Real-world performance and usability of prediction models may be affected by many factors. The number of predictors in a model does not necessarily correlate with its predictive performance, as summarized in a previous systematic review.44 In the current study, 6 of 10 general models and 2 of 7 infection models had 10 or more predictors. The number of predictors in a model can affect model performance in real-world settings, particularly in hospitals with limited resources.45 Implementing models in hospitals with understaffed wards, scarce monitoring systems, and limited technology may increase the burden of manual labor with minimal benefit on mortality.45, 46, 47 Further, some predictors may be relevant in a specific world region, improving its performance. As Moore (2017)20 illustrated in sub-Saharan Africa, adding HIV serology to vital signs resulted in better discrimination of the UVA score over other EWS scores.

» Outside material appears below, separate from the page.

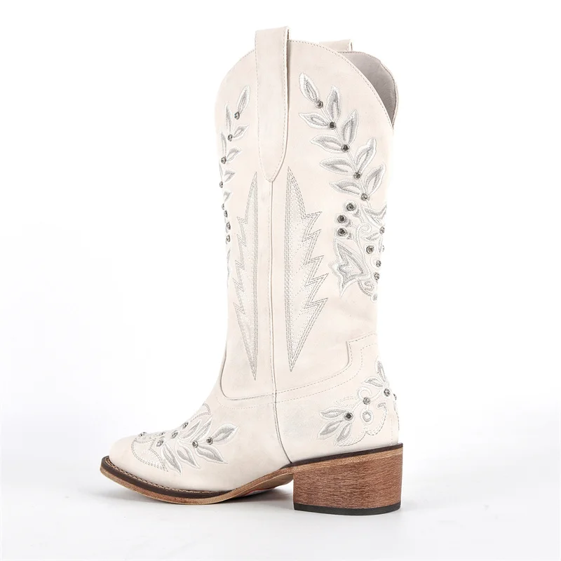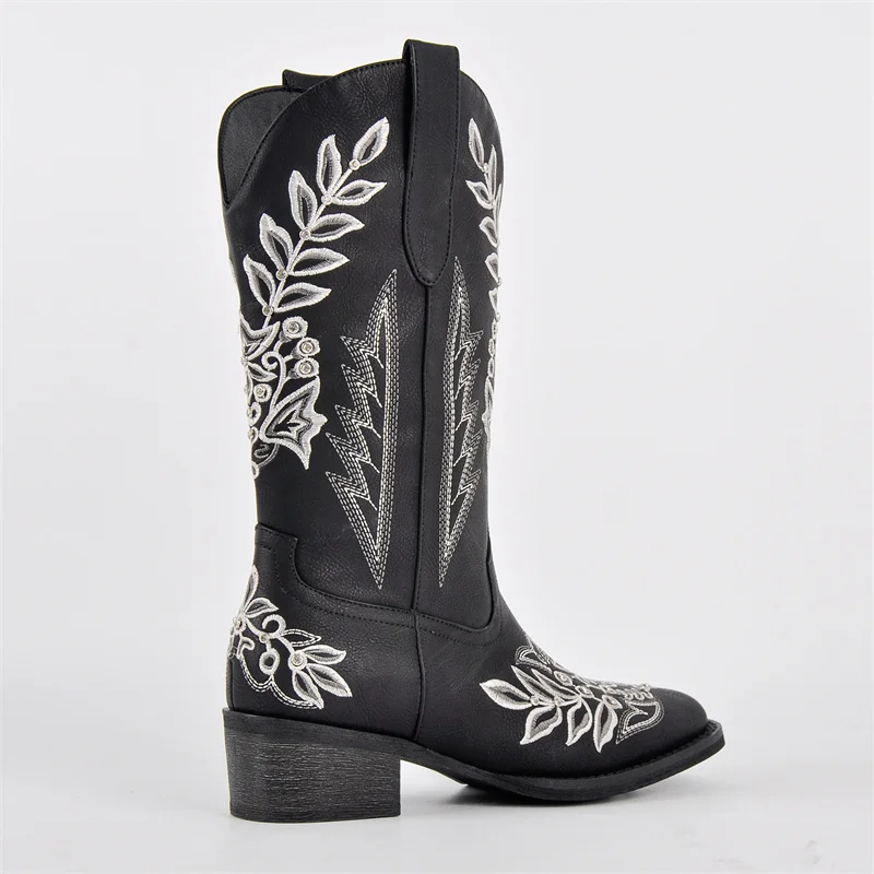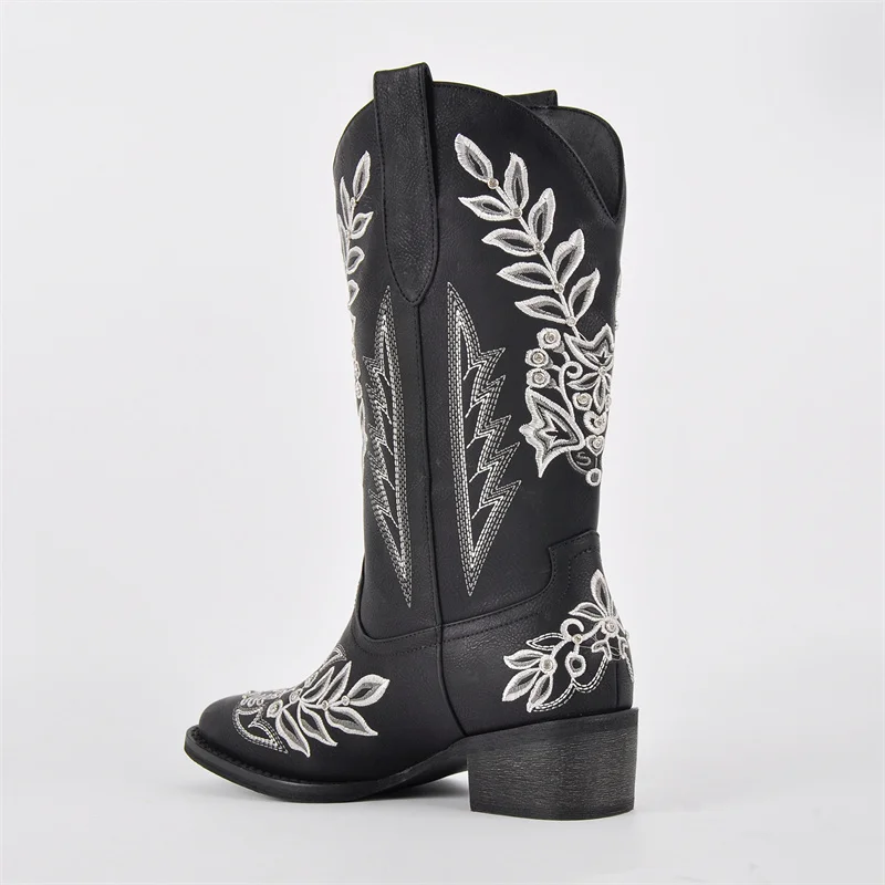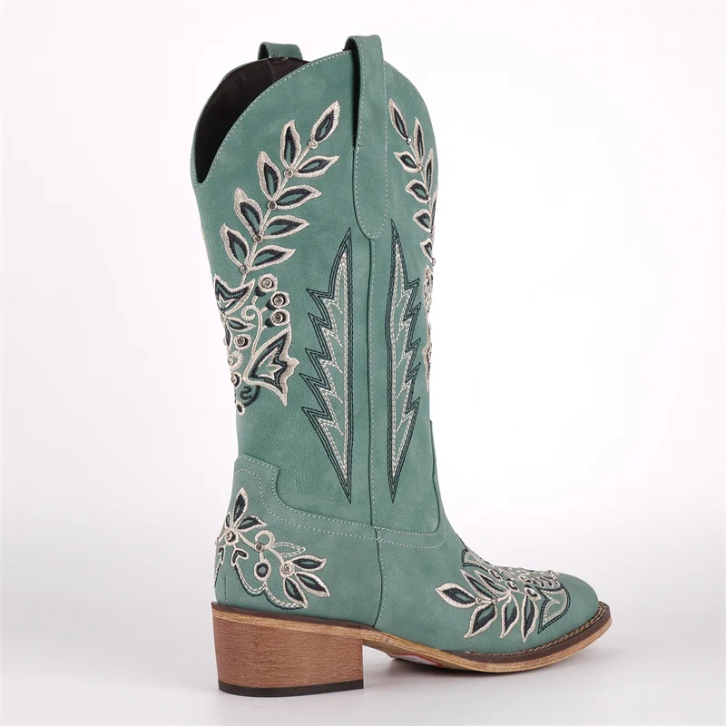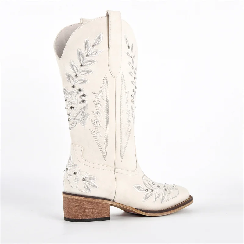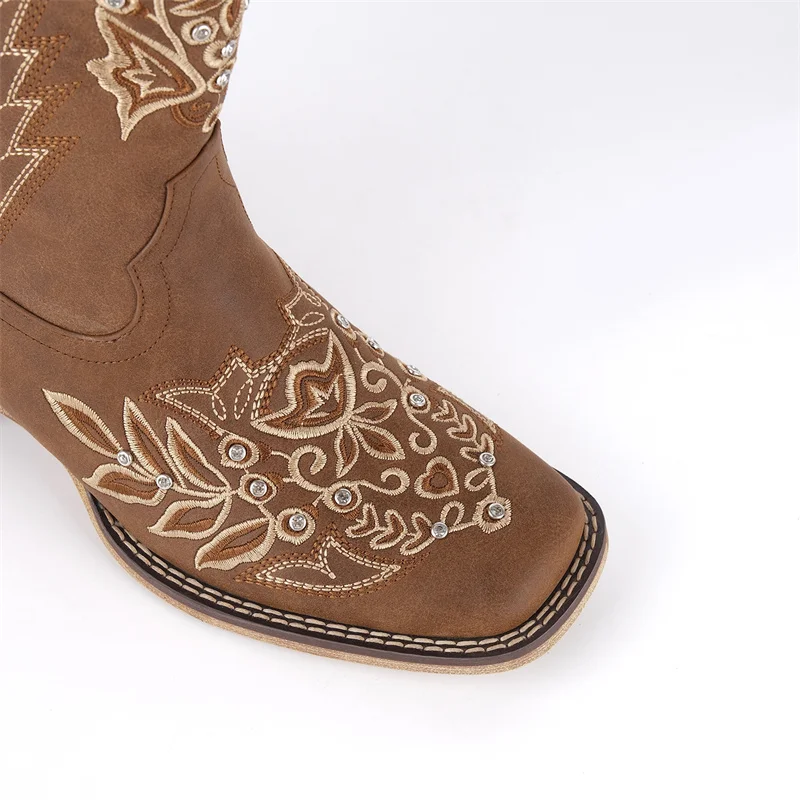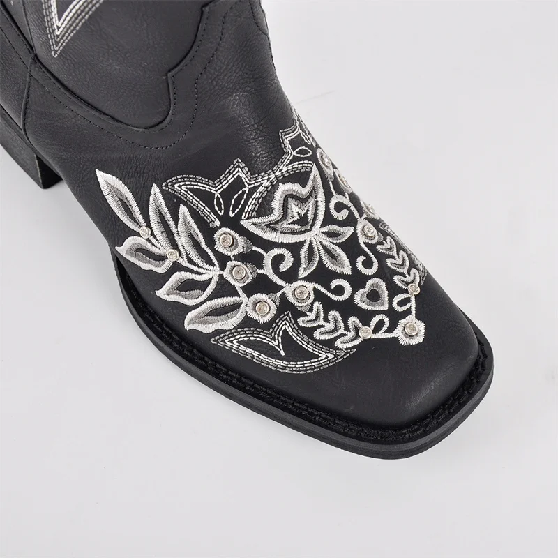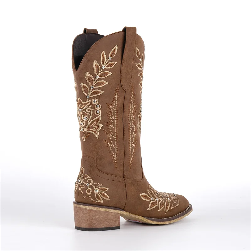 Women Square Toe Floral Rhinestones Embroidery Western Boots Pull On Knee High Chunky Heel Embroidered Boots

During screening, we excluded articles that focused on specific time horizons for hospital mortality (eg, 72-hour or 7-day mortality). While a time horizon of a few days may be appropriate for EWS models,26 mortality at any point during hospitalization may be more relevant to guide overall hospital care that integrates biopsychosocial factors and patients’ preferences.33 Some suggest that 30-day postdischarge mortality, rather than hospital mortality, is a better indicator of hospital performance.48,49 However, hospital mortality may be more relevant, in places with limited ability to provide, influence, or monitor postdischarge care.50,51 We excluded models such as the eCART score, which did not meet study selection criteria.52,53 However, the eCART score, based on medical and surgical patients, integrated vital signs and laboratory data to predict outcomes in the subsequent 24 hours. eCART and other automated scores that guide short-term care may have high clinical uptake.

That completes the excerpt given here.